NEWPORT – Two films documenting salmon habitat restoration projects in the Alsea River basin are on tap at the Lincoln County Historical Society’s Pacific Maritime Heritage Center from 6:30-8 p.m. Thursday March 6.
The MidCoast Watersheds Council and partners spent the last year documenting the restoration of Mill and Beaty creeks near the town of Alsea and Starr Creek, a tidal wetland off Alsea Bay. The council said the films tell a story of partnership, scientific discovery and a love for fish, wildlife and waterways.
For people unable to attend the event, the films can be viewed on two YouTube channels here and here.
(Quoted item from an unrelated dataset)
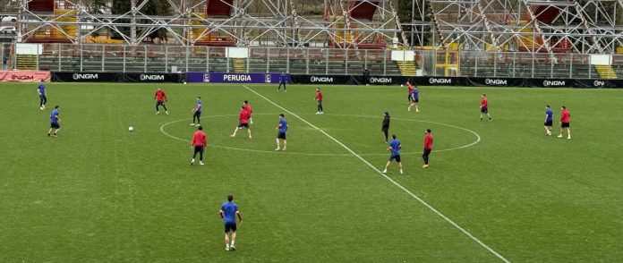 Il Perugia ha sostenuto l’ultimo allenamento settimanale. Nella mattinata di sabato 21 febbraio i grifoni hanno lavorato presso il centro sportivo ‘Paolo Rossi’. Tedesco ha potuto contare sull’intera rosa a disposizione, con alcuni giocatori che hanno alternato i carichi per evitare problematiche di natura fisica. Il neo preparatore Sdringola sta intensificando principalmente l’attività dei nuovi, ancora non al top della condizione. Su tutti Valerio Verre che è reduce da una lunga attività. C’è ottimismo tuttavia sulla possibilità di metterlo a punto in vista della prossima sfida interna che vedrà il Perugia, sabato 28 febbraio (ore 17.30), affrontare il Pineto. C’è fiducia anche sulla piena disponibilità di Calapai, dopo la lunga assenza, come quella di Tumbarello. Il Perugia oggi osserverà una giornata di riposo e da lunedì pomeriggio tornerà ad allenarsi per preparare al meglio la suddetta sfida contro gli abruzzesi. Il programma poi prevede una doppia seduta per martedì, due pomeridiane tra mercoledì e giovedì, mentre venerdì la rifinitura si terrà la mattina. Cinque giorni per mettere a punto il modulo (4-3-1-2) e la formazione titolare, dove non ci sarà lo squalificato Riccardi. Se tornerà Calapai a destra, è possibile che Tedesco si affiderà alla coppia centrale Tozzuolo – Angella con Dell’Orco a sinistra. Diversamente Tozzuolo e Dell’Orco saranno i terzini, con Stramaccioni al fianco del capitano. In diffida e a rischio squalifica l’attaccante Nepi e lo stesso Stramaccioni.

Throughout the night featured partners from the film including Katie Ryan, executive director of The Wetlands Conservancy, will discuss why conserving land on an estuary helps heal wildlife habitat and protect against the impacts of climate change. Janet Landauer, who championed the restoration of her section of Mill Creek, will reflect on how the work transformed a simple stream into a complecx array of channels and log structures that now have salmon returning.
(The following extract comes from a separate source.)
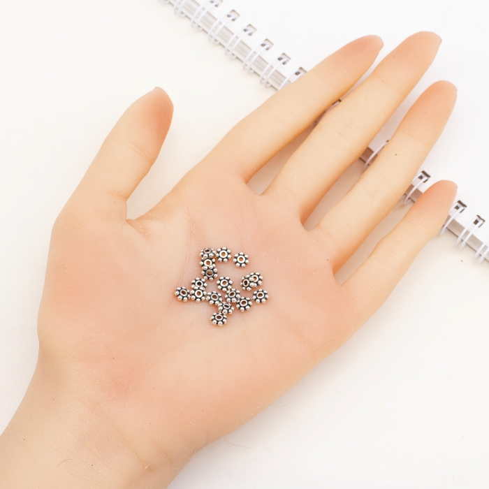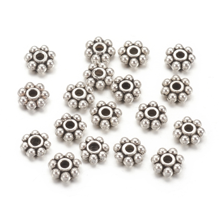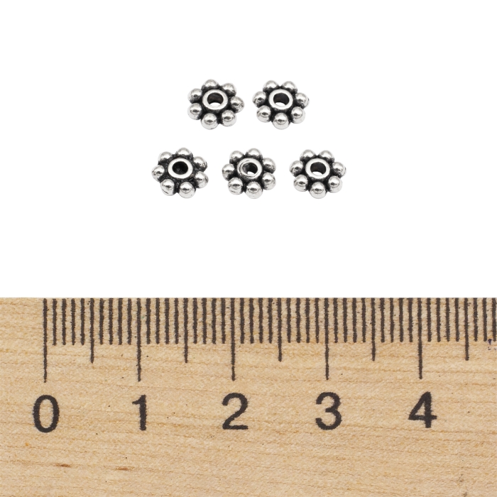 Бусины-Разделители, Бижутерный Сплав, Цветок, Цвет: Античное Серебро, Размер: 6х2мм, Отверстие 1.5мм, (УТ100017347)

For decades, Mill Creek bore the marks of its past — a former lumber mill site, simplified and degraded stream channels, invasive species, and artificial ponds that disrupted the natural flow of water. Native salmon struggled to find suitable habitat. In 2007 that started to change, when Janet Landauer purchased her 20-acre property along the creek.
This past summer that dream became a reality. In partnership with restoration specialists, neighbors, conservation organizations, and local agencies, MidCoast Watersheds Council worked to remove the remnants of past land use — berms, regrading former mill pond areas, replacing fish passage barriers, and reconnecting the creek to its historic floodplain. Over 300 large logs were placed in structures throughout the watershed, jumpstarting the process to create the complexity needed for fish to thrive.